To check all passwords in a database, you can use the script check_login, like this:

# Usage:  ./check_login <database> <secrets file>
user@container:~/repo/passwords$ ./check_login db/demo.db.json db/demo.secrets.txt
Logging in as user0399 => OK
Logging in as user0449 => OK
Logging in as user0857 => OK
. . .
Success!

In the next few parts, you'll extend login to implement the other password storage methods, and you can use check_login to test your work

Part 1: Storing a password hash (`sha1-nosalt` method)

A common strategy for password storage is to store a hash of the user's password, which avoids storing the password in cleartext. In our database, we'll do this using the SHA1 hash function. Concretely, the idea is to store the hash

h

such that h = SHA1(password)

The database file db/part1.json.db stores 1 hashed password using this method, which looks like this:

$ cat db/part1.json.db
{
 "method": "sha1-nosalt",
 "users": {
  "user3234": {
   "password": "1cc33637bdd3b586d89d259d719e8ad9a5e4f42e"
  }
 }

In this form, the password field represents the hash of the password (written in hex) instead of the password itself.

Now that we've discussed the format, you'll extend login to support this type of database, and then you'll crack the passwords.

Note: This problem has only one stencil, which is in Python. Unlike the other problems, there's no need to copy any stencil code from a stencil directory–the code in the passwords directory is already set up as a stencil for you.

Don't want to use Python?

If you want to use another language, you can just replace the stencil login and pwfind programs (more on these later) with your own versions. Our testing scripts will run and just examine their return values and output files, so you can replace them with your own code as long as you adhere to the specification. You are free to use any language that runs inside our container environment by default.

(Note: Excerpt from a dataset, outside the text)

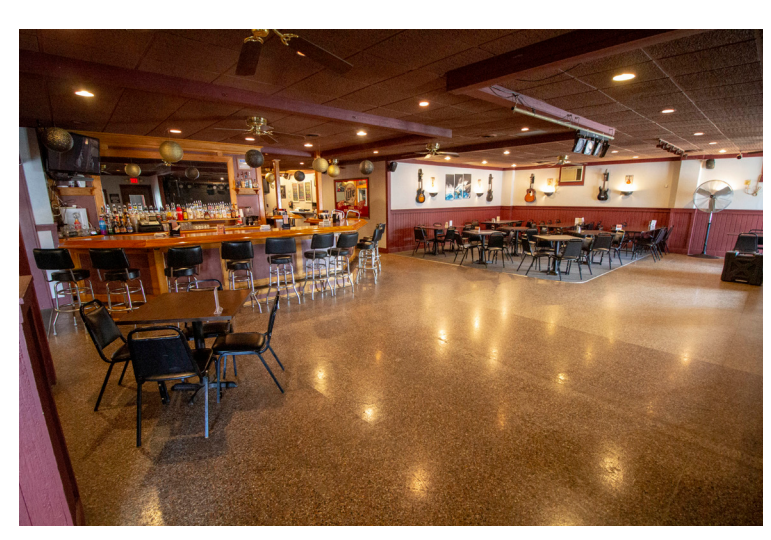
BAR & DANCE FLOOR

If you use want to use a compiled language (Go, C, …), please modify the provided Makefile such that running make builds your login and pwfind programs. For an example, see the Makefiles for the other problems.

Extending `login`

Task: Extend login to check the user's password input against the hashed value in the database. To do this, open up login and fill in the TODOs related to the sha1-nosalt method. Some notes:

login must return 0 (EXIT_SUCCESS) when the user's password is correct, and 2 (EXIT_FAILURE) when it's incorrect. You can see an example for the plain method
We've provided an implementation of the SHA1 hash for you in the support file crypto.py, which you can access with crypto.hash.

When you're done, check your work by trying to login as a user with ./login and then ./check_login.

Cracking the passwords: `pwfind`

Now it's time to go on the offensive! Your job is to write a program to discover the password for a given hash value by brute force: since you know the maximum size and number of allowed characters per the password policy, you can enumerate all possible hash values the password could have.

To get you started, we've provided a stencil password cracking program called pwfind. This program takes in a database as input and outputs a file containing all the passwords found in the database, which should use a similar format to the secrets file. You should be able to run pwfind like this:

# Usage:  ./check_login <database> <secrets file>
user@container:~/repo/passwords$ ./pwfind db/part1.db.json output.txt
. . .

where output.txt is a file containing all of the user-password pairs, in a format similar to the secrets file. (To get a sense of how it works, you can try it out on demo.db.json, which will quickly declare victory by "cracking" the plaintext passwords.)

Task: Extend pwfind to crack passwords encrypted using the sha1-nosalt method, and use it to discover the password of the single user in db/part1.db.json. The process should take several seconds to complete.

We've provided a makefile to automate testing for this part. To check your work, you can run:

$ make check-part1

This should automatically check your login and password-cracking process.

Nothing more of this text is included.